From YouTube to Facebook – will video be the one to watch in 2015?
"Camp Takota" Exclusive Sneak Peek Party 

This article is about how 2015 is going to change how media institutions spend their money. There will be more merging with other companies and growing brands. Video was the theme of 2014 and will probably continue to be so.
  • Expect more investments in 2015 from Channel 4, which has set up a growth fund to help support emerging indies who want to retain their independence.
  • A couple of trends will continue that have been going on for some time. The most obvious thing is the demand for physical newspapers. The second is the rate of growth in digital may slow down and plateau.
  • The biggest challenge goes back to the scale of newspapers. How much income is actually coming in and what kind of scale of newsroom can the publisher afford to run? Five to ten years from now will we have the same number of large operations in play?
  • There’s no better time than now to be a big YouTube star: in 2015, the mainstream media will continue to recognise that these individuals have massive audiences, and the potential to move and activate those massive audiences. Someone like Grace Helbig is going to have her own late-night talk show on [TV channel] E! next year.
  • Listening to radio through the television will continue to plateau, while internet radio will continue its solid, though unremarkable, growth.
Each type of media platform will continue to grow with a few innovations made, this will involve merging or investing in companies and buying ideas of each other. There will be massive competition in each platform especially TV.

ndm

http://www.theguardian.com/media/media-blog/2015/jan/04/google-facebook-bbc-north-korea-control-media-industry

Who’s taking control this year? Google, BBC, Facebook, or even North Korea?

The Interview

This article is about how digital media is changing significantly and that anything is possible in 2015, social media sites are converging and news stories happen to get around very fast. Social media is taking over the media institution.

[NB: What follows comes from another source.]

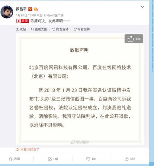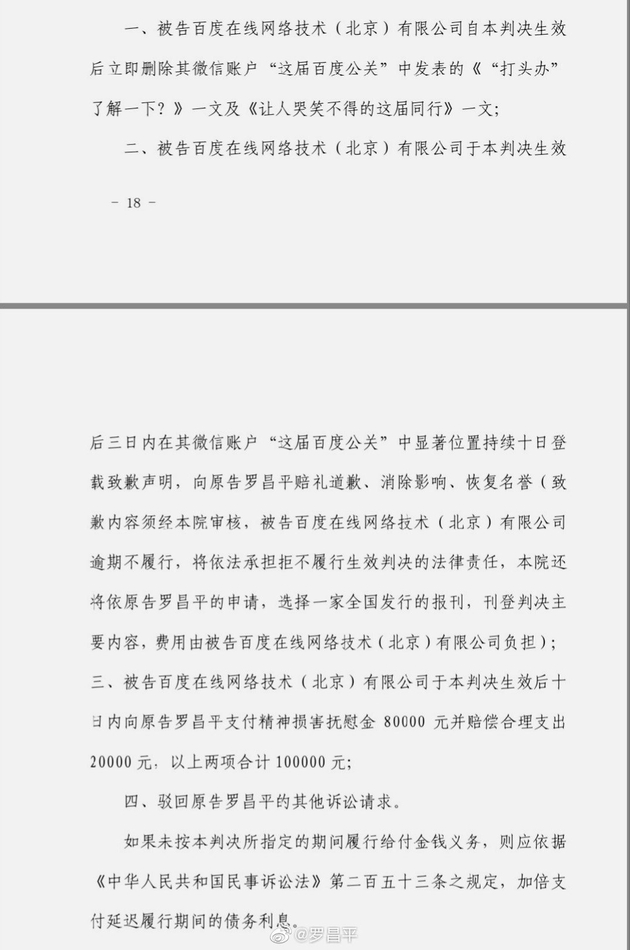 根据罗昌平微博晒出判决书:百度需要立即删除《“打头办”了解一下?》一文及《让人哭笑不得的这届同行》一文,并连续十日在“这届百度公关”中显著位置登载致歉声明,向原告罗昌平赔礼道歉、消除影响、恢复名誉。

  • It is a reasonable assumption that in 2015 we will see a further convergence between social media platforms and media practice. As the owners of Facebook, YouTube, Twitter, Instagram accept that they are not just “neutral platforms”, but actually shaping and controlling media, as well as owning and supporting a great deal of it.
  • Netflix has been a powerful exemplar of how to both be taken seriously by venture capitalists and get a seat at the Emmys. Jeff Bezos had so much money from founding Amazon, he actually bought a newspaper (the Washington Post). Pierre Omidyar, the eBay billionaire, is so earnestly serious about creating a new type of news organisation that his various setbacks with First Look Media will not stop him.
  • We are used to seeing a landscape which is divided between the big, global institutions and the small entrepreneurial start-ups. But we are still unused to the idea of true convergence: technology-driven markets that are fast-moving and fluid.
In my opinion I believe social media is taking over and this year we will see more innovation and possibly new famous apps such as snapchat.